One of the most significant hazards in any high-availability setup is a split-brain scenario. This occurs when two distinct nodes simultaneously believe they are the primary. If both begin accepting writes independently, the data can diverge, leading to severe inconsistencies across the cluster that are arduous to reconcile.

Split-brain typically arises during network partitions. For instance, if the primary is healthy but isolated from the rest of the system due to a network issue, other nodes might perceive it as failed. Consequently, a replica is promoted, while the original primary continues to process writes, resulting in two active primaries.

See the diagram below:

Given MySQL's asynchronous replication, resolving this problem is particularly challenging, as the system cannot guarantee both strong consistency and availability during a network split. Flipkart prioritizes availability but integrates robust safeguards to prevent split-brain.

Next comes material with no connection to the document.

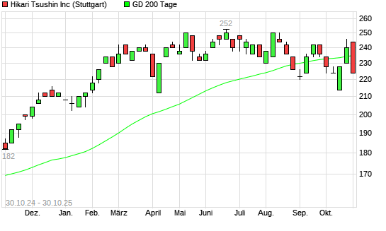 Mit dem Rücksetzer auf 230,00 EUR hat die Hikari Tsushin-Aktie am 29.10.2025 die 200-Tage-Linie nach unten gekreuzt.Die Hikari Tsushin-Aktie befand sich seit dem 21.10.2025 im langfristigen ...weiterlesen

Should a split-brain occur, the consequences can be severe. Customer orders might be fragmented across different databases, causing confusion for both customers and sellers. Reconciling such data is time-consuming and costly. Flipkart references GitHub’s 2018 incident, where a brief connectivity problem led to nearly 24 hours of data reconciliation.

Altair incorporates multiple safeguards against split-brain scenarios:

During failover, it attempts to stop the old primary from accepting new writes.
In planned failovers, the old primary is first set to read-only, ensuring no further writes before the role switch.
If the old primary cannot be stopped (e.g., due to a severe network partition), Altair may still promote a replica to maintain system availability.
In ambiguous situations where the control plane cannot definitively ascertain the primary's state, Altair follows a cautious procedure:
- Pause the failover job.
- Notify client teams to halt application writes.
- Resume failover, promote the replica, and update DNS.
- Instruct clients to restart applications to connect to the correct new primary.

See the diagram below:

This meticulous process ensures that the risk of having two primaries is mitigated, even if it requires a brief, controlled pause in availability.

Failure Scenarios and How Altair Handles Them

Databases can fail in numerous ways, each requiring a tailored response. Altair is engineered to detect various failure scenarios and react appropriately to minimize downtime and protect data integrity. Let's examine the major cases and Altair's responses:

1. Node (Host) Failure

If the entire machine (virtual or physical host) running the primary database fails, the local agent on that machine ceases sending health updates. If the monitor misses three consecutive 10-second updates (approximately 30 seconds of silence), it flags the node as unhealthy and alerts the orchestrator. The orchestrator then verifies the node's unreachability and triggers a failover, promoting a replica to the new primary.

2. MySQL Process Failure

Even if the host machine is operational, the MySQL process itself might crash. In this situation:

The agent reports that MySQL is down, while confirming the host's health.
The monitor detects the discrepancy between host health and MySQL process health.
The orchestrator double-checks and, upon confirmation, initiates the failover process.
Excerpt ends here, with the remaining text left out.